Heatit joins Works with Home Assistant

Heatit joins Works with Home Assistant

Heatit Joins Works with Home Assistant — Z-Wave Heating and Safety Devices Get Official Certification

If you’ve been looking for a serious, locally-controlled heating solution for Home Assistant, the Works with Home Assistant program just got a very compelling new member. Heatit — specialists in smart climate and heating control based in Norway — have joined the program, bringing six certified Z-Wave devices into the fold, including what is notably the first Z-Wave smoke detector to receive official certification: the Heatit Z-Smoke 2.

Formerly known as Thermofloor, Heatit has over 30 years of experience building thermostats and controllers designed to handle Scandinavian winters that regularly dip below -20°C. That kind of pedigree means these devices are absolutely built to last — and more than capable of handling whatever your climate throws at them.

What’s Been Certified

Six devices have made it through the Works with Home Assistant testing process:

Heatit Z-Push Wall Controller — a physical wall controller so you’re not always reaching for your phone to adjust things.

Heatit Z-Temp3 — a smart thermostat for precise temperature control.

Heatit Z-TRM6 DC — thermostat controller for DC-powered heating systems.

Heatit Z-Smoke 2 — the first certified Z-Wave smoke detector in the program, and crucially, one that always functions regardless of network status. The smart features are a bonus; the core safety function never depends on connectivity.

Heatit ZM Thermostat 16A — a high-load thermostat suitable for more demanding heating setups.

Heatit Z-HAN2 — for energy monitoring and management.

Together, these cover both sides of a smart heating setup: thermostats handling the actual temperature control, with the wall controller giving you a tactile, always-available way to manage it all without unlocking your phone.

Why Z-Wave Matters Here

All of Heatit’s certified devices connect via Z-Wave, and for heating and safety applications, that’s genuinely the right call. Z-Wave operates on a dedicated frequency — less interference than WiFi, more reliable communication through thick walls and across large homes. It’s also a mesh network, where mains-powered devices help pass signals to one another, which also benefits battery-powered devices by reducing the work they need to do to stay connected.

For something as important as a smoke detector or a heating thermostat, long battery life and reliable range aren’t just nice-to-haves. And because everything runs locally, your heating responds immediately — no routing through a third-party server, no latency waiting on a cloud that might not always be available.

Getting Started

To use these devices, you’ll need a Z-Wave adapter and the Z-Wave integration set up in Home Assistant. The standalone devices support SmartStart, which makes adding them to your Z-Wave network as simple as scanning a QR code — a genuinely painless onboarding experience. For in-wall devices like the thermostats, installation will require a qualified electrician in most regions, so factor that in if you’re planning a full heating setup.
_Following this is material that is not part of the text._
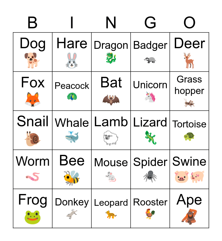 This bingo card has a free space and 24 words: Bee 🐝, Donkey 🫏, Bat 🦇, Frog 🐸, Deer 🦌, Dog 🐕, Fox 🦊, Hare 🐰, Lizard 🦎, Mouse 🐁, Unicorn 🦄, Snail 🐌, Spider 🕷️, Swine 🐷🐖, Peacock 🦚, Rooster 🐓, Tortoise 🐢, Dragon 🐉, Grass hopper 🦗, Whale 🐳, Ape 🦧, Worm 🪱, Badger 🦡 and Leopard 🐆.
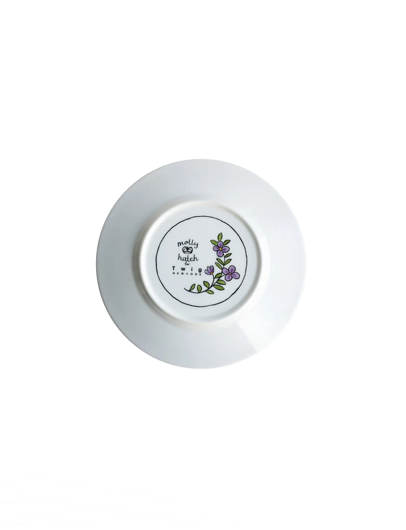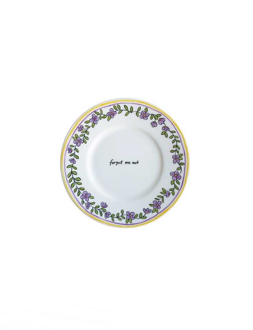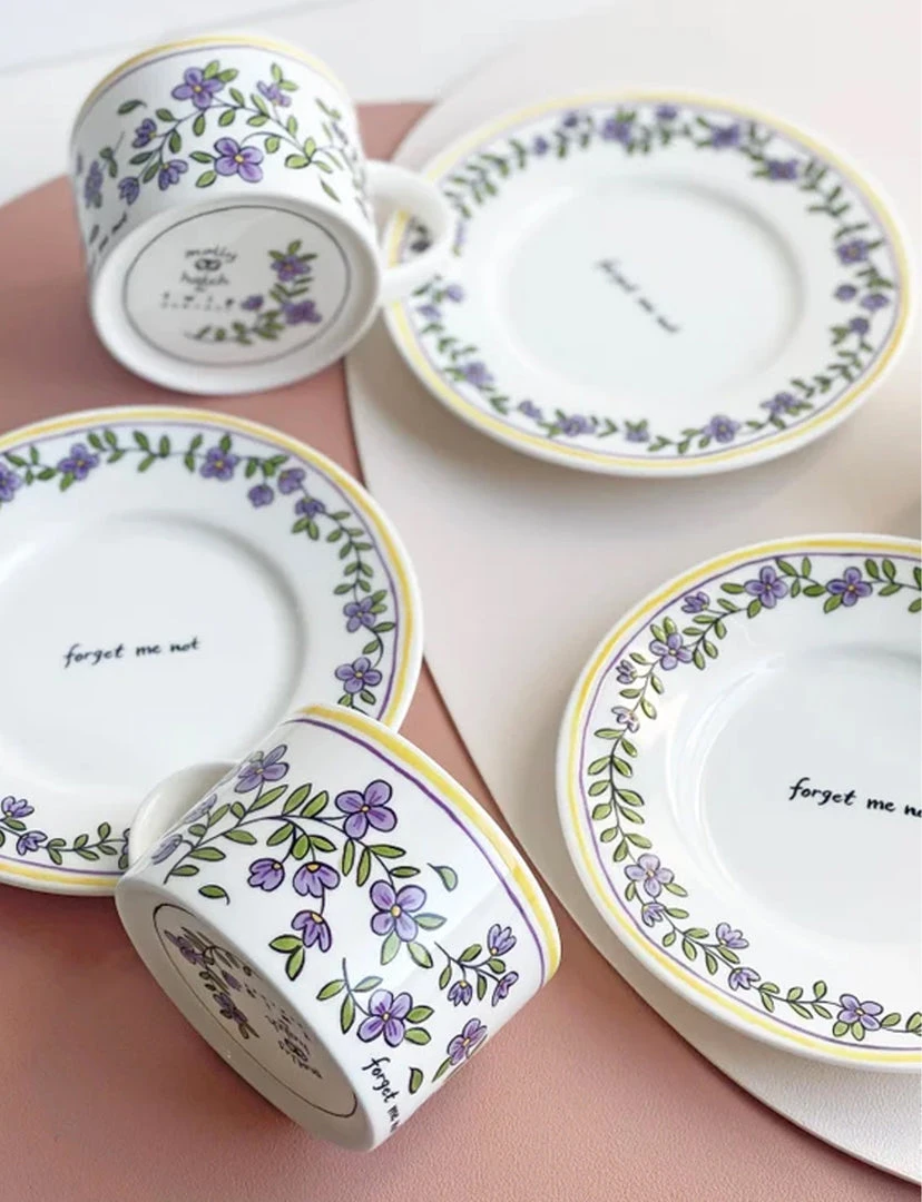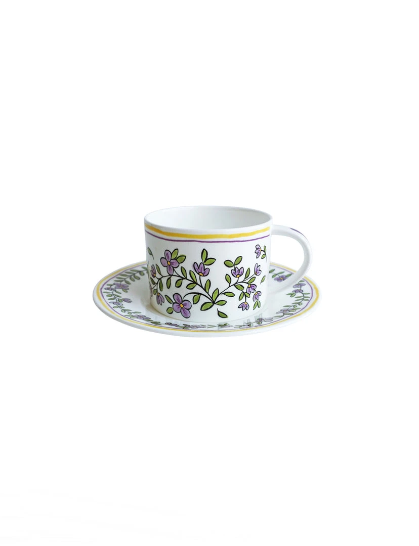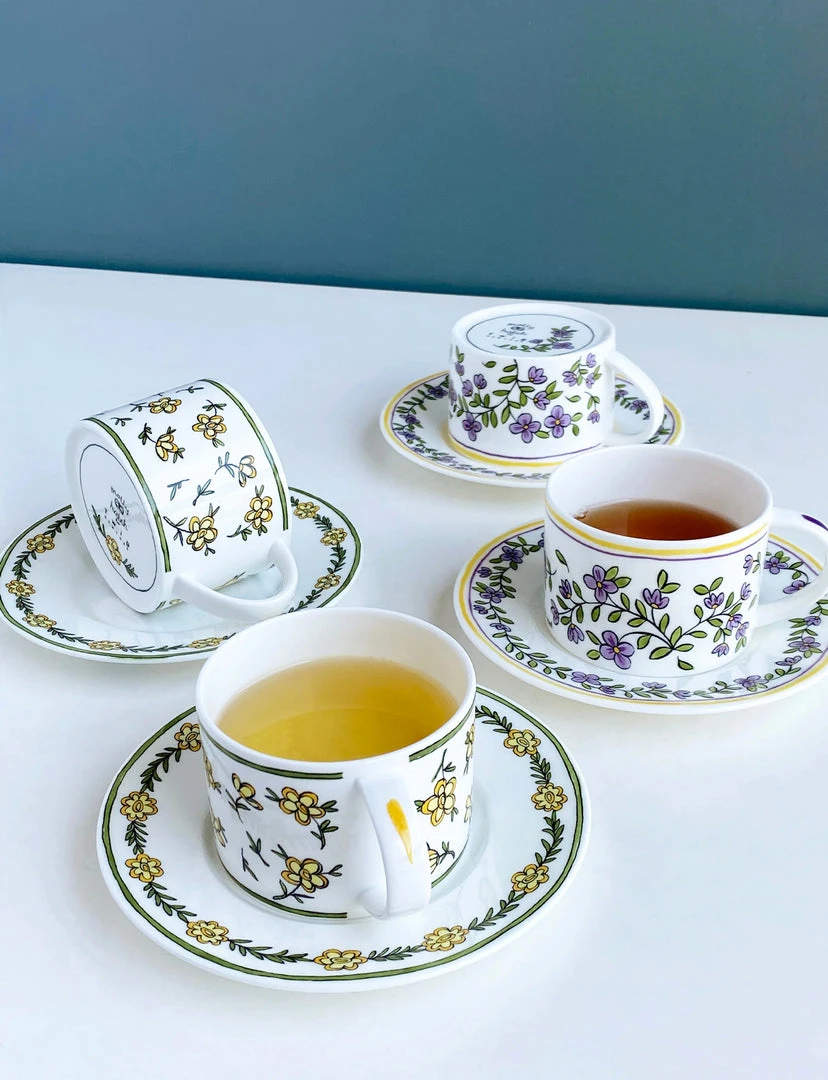 The Forget Me Not and Saucer. Celebrating the love between two individuals, inspired by the Forget Me Not plant and represented on Fine White Bone China. Decorated with a simple yellow border on both cup and saucer with the cup also featuring a floral pattern while the saucer features a chain of Forget Me Not plants. The hand applied decals are designed to have an embossed texture as if engraved for an added richness to the unique design. This cup and saucer is ideally sized for tea or for a small coffee served in style. Celebrating love and flowers in the Forget Me Not Collection by Twig New York.

If you want remote access — say, warming the house before you get home — Home Assistant Cloud handles that securely, and your subscription helps fund the Open Home Foundation’s ongoing work, including the Works with Home Assistant program itself.

A Partnership Worth Watching

What’s encouraging about Heatit joining the program isn’t just the hardware — it’s the philosophy behind it. Sustainability and reducing environmental impact are central to how Heatit operates, which maps closely onto the Open Home Foundation’s own principles of privacy, choice, and sustainability. Their CEO, Pål Aksel Forberg, specifically called out the community and the shared focus on open, local-first solutions as the reason this partnership made sense — and that kind of alignment tends to produce better long-term support and more community-responsive product development.

Works with Home Assistant certification isn’t just a badge, either. Every device on that list has been put through rigorous in-house testing by the Home Assistant team to ensure it works seamlessly out of the box. Brands also commit to long-term firmware support and active participation in the community — so you’re not just buying hardware, you’re buying into an ongoing relationship.

For anyone running Home Assistant in a colder climate, or anyone who’s been looking for a serious local-first heating control solution, this is a lineup worth taking a close look at. Time to turn up the heat.